Selecting the right lighting for an application comes down to understanding what the system needs to capture, inspect, or detect. Different lighting setups will produce vastly different images, so the lighting and resulting effects must match the need of the application. Poor lighting configurations will produce poor feature extraction and poor deep learning models, which will lead to confusion on what is and isn’t a defect, or the identity of an object or feature.
Ultimately, different light means different images. Figure 4 shows the same spark plug gap tool, but with different lighting setups: front lighting, diffuse lighting, bright field lighting, dark field lighting, low angle dark field lighting, and backlighting. While the backlight image works great for measuring the diameter of the tool, for example, this would be virtually unusable for a surface defect detection application.

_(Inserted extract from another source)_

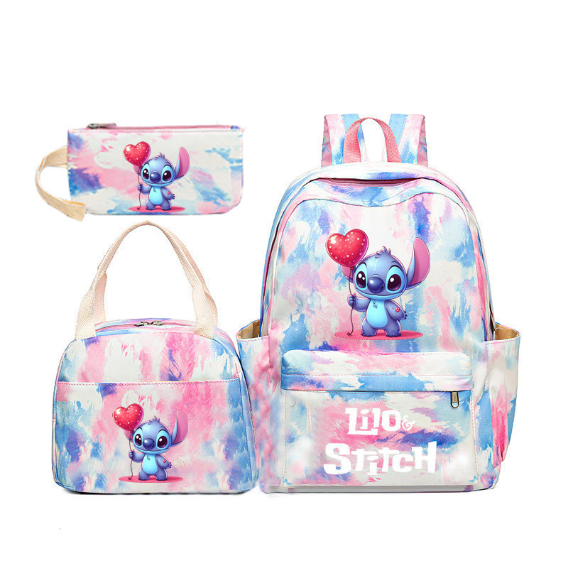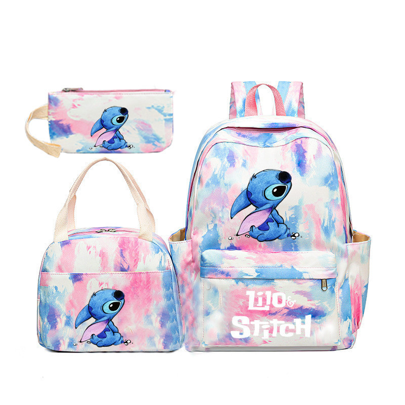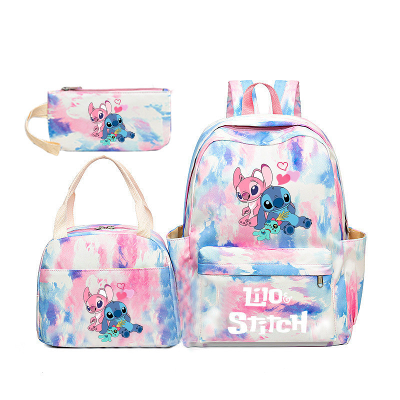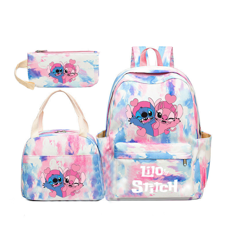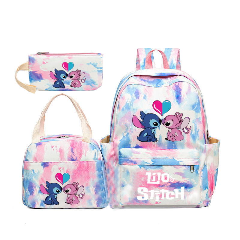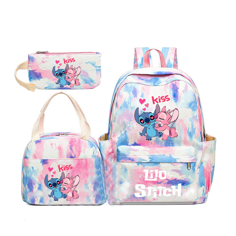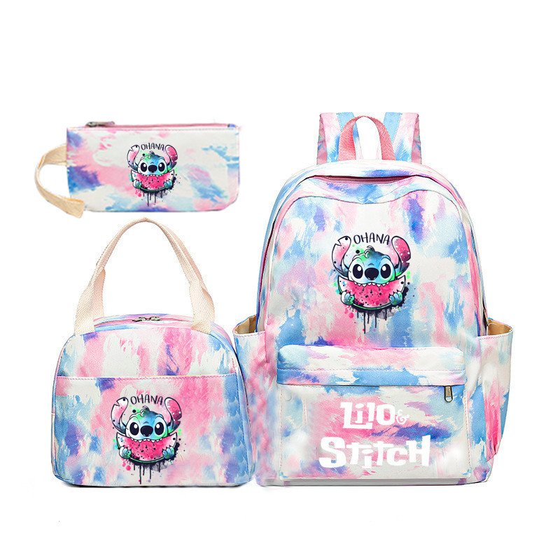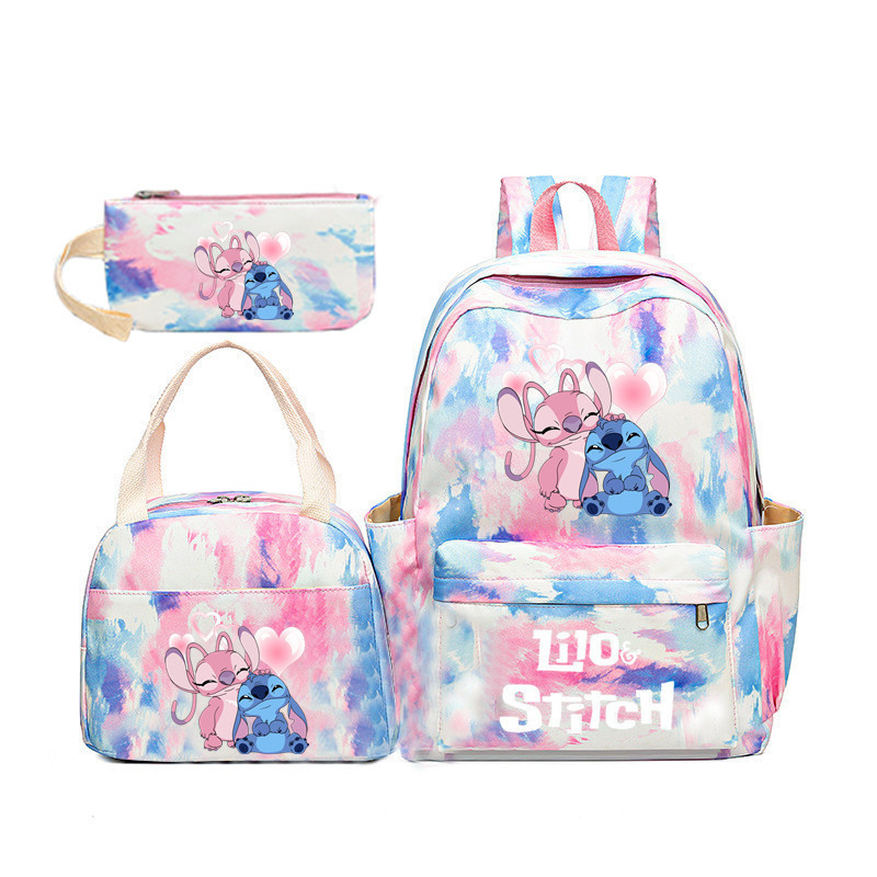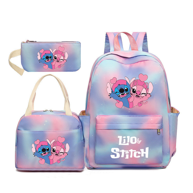 국경을 넘는 신제품 릴로와 스티치 그라데이션 컬러 레인보우 배낭 남녀 학생 3피스 도시락 가방

When it comes to developing a successful deep learning application, human expertise plays a significant role as well. There are ultimately no algorithms that can overcome bad lighting, so work smarter, not harder by focusing on the data. In this case, the data refers to high-quality images that have been labeled and categorized by human subject matter experts, because ultimately, deep learning software creates a mathematical model with data on extremely small image variations and other indicators that human experts use to determine if a part or product passes or fails. The model can then inspect new parts or products for quality, and learn over time like humans do, which is gaining new knowledge from experience and repeating successful operations. Essentially, one must ensure that the data clearly shows the AI what it needs to learn, and despite the rhetoric out there today, an optimal lighting setup is required for this.
Don’t Leave Lighting for Last
When it comes to developing a machine vision system with or without deep learning software, the requirements for creating high-quality images remain the same from a lighting perspective. Choosing the correct light involves a number of different considerations. Factors are dependent on individual applications, but typically include light structure, position, diffusion, and color. Most often, an application will require a lighting setup that maximizes contrast between features of interest and the background that is consistent, while other applications will require different lighting setups.
No matter the application, don’t wait until the end of the design process to consider lighting, which could lead to physical limitations in the system design. Instead, consider the desired vision system or deep learning outcomes from the start, and ensure that lighting is installed at the correct position relative to the camera. In all cases, remember that optimal lighting is irrefutably required for achieving success with machine vision and deep learning systems.